A policy paper, titled “Potential Negative Effects of Allowing Live Animal Exports from Pakistan”, prepared by the Association argues that while live animal exports may generate short-term foreign exchange earnings, they effectively transfer jobs, industrial activity and value addition to importing countries. It says Pakistan’s comparative advantage lies in slaughtering, processing, certifying and exporting Halal meat and livestock by-products rather than exporting animals in their raw form.

According to the paper, livestock is the largest component of Pakistan’s agriculture sector and serves as the foundation for several industries, including meat processing, leather, offal, pharmaceuticals, animal feed, cold-chain logistics and transport.

It cautions that any policy permitting live animal exports should be evaluated not merely as an export opportunity but in the context of herd sustainability, domestic meat availability, processing capacity and food security.

The report warns that unrestricted exports could divert healthy, slaughter-ready animals away from domestic markets and export-oriented processing plants, reducing the availability of quality livestock for local processors. Such a shift, it says, could increase domestic meat prices, weaken breeding potential by reducing the availability of superior genetics and disrupt long-term supply chain stability.

While farmers may benefit from temporarily higher prices, consumers, processors and exporters would eventually face rising costs and constrained supplies.

The paper notes that Pakistan has invested heavily in internationally compliant slaughterhouses, veterinary inspection systems, cold-chain facilities, laboratory testing and Halal certification. A reduction in domestic livestock availability would lower utilization of these facilities, increase operating costs and weaken Pakistan’s competitiveness in international meat markets.

It warns that the country risks shifting from a value-added Halal meat exporter to a supplier of raw livestock if live animal exports are allowed on a large scale.

It further highlights the likely impact on leather, offal and other downstream industries, saying that hides, skins, edible offal, bones, fats and other by-products generate significant economic activity after slaughter. Exporting animals before processing would deprive local industries of these raw materials and reduce business for packaging, logistics, cold storage and related service providers.
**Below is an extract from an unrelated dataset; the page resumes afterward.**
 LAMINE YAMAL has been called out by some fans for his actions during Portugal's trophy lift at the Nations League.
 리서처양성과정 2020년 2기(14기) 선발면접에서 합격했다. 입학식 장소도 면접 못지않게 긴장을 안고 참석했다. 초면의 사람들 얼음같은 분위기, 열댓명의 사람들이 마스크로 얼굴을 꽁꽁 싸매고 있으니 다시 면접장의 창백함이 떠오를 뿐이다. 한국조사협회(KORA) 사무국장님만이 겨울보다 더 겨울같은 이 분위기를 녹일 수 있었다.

The report points out that exports of meat and meat products reached approximately Rs113 billion during July-March FY2025-26, demonstrating the sector’s growing export potential. It argues that processed meat exports generate substantially greater foreign exchange by creating multiple revenue streams from meat, offal, hides and other by-products while supporting employment throughout the value chain.

The policy paper also raises concerns over disease control and traceability, warning that large-scale live animal exports could increase biosecurity and reputational risks. It says any disease-related incident involving exported animals could damage Pakistan’s standing in international markets and lead to restrictions on meat exports.
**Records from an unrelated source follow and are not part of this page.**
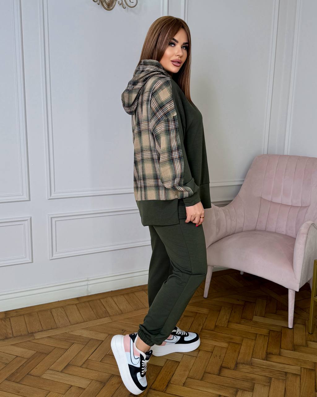 Стильний комплект для прогулянок.Ідеально лягає по фігурі.Костюм у якому ти виглядаєш стильно.Вільний крій світшоту ,надає легкість рухам.Джогери з високою посадкою.
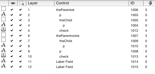 - if the fld "p" of "theParent" has a layer number lower than the grp "theChild", it happens what expected: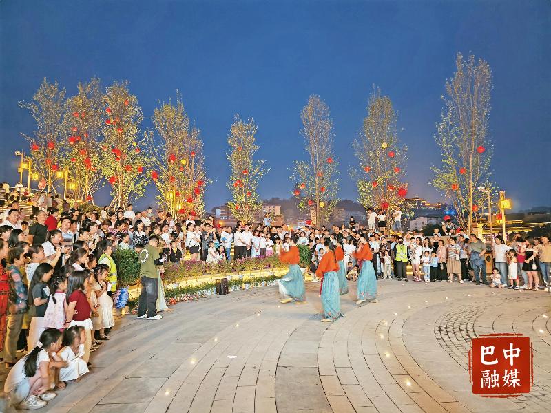 隔著粼粼波光,“恩陽夢華錄”宛如一座燈火輝煌的不夜城。在夢華錄廣場上,身姿曼妙的舞者身著華服,隨著悠揚婉轉的古樂翩翩起舞,街道兩側,民俗藝人展示糖畫、棕編等傳統技藝,舉著宮燈的巡游隊伍緩緩穿行,游客們身著古裝穿梭其中,仿佛將眾人帶回了繁華熱鬧的古代市集。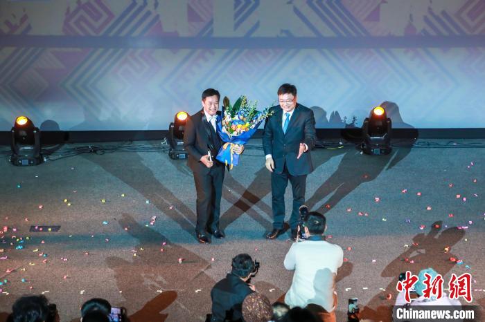 圖為頒發(fā)中國—東盟電影共創(chuàng)大使榮譽(yù)獎(jiǎng)杯現(xiàn)場。主辦方供圖

APMEPA chairman Abdul Hannan, sharing the policy note with the Business Recorder, said they had prepared it as reaction to news that Punjab had permitted export of live animals and recommended through this paper that general live animal exports should not be allowed and instead strengthen the domestic meat processing industry through investment in cold-chain infrastructure, traceability systems, livestock identification, certification, breed improvement and international marketing.

Such a strategy, it concludes, would retain value addition within Pakistan, create employment, support allied industries and generate more sustainable export earnings for the national economy.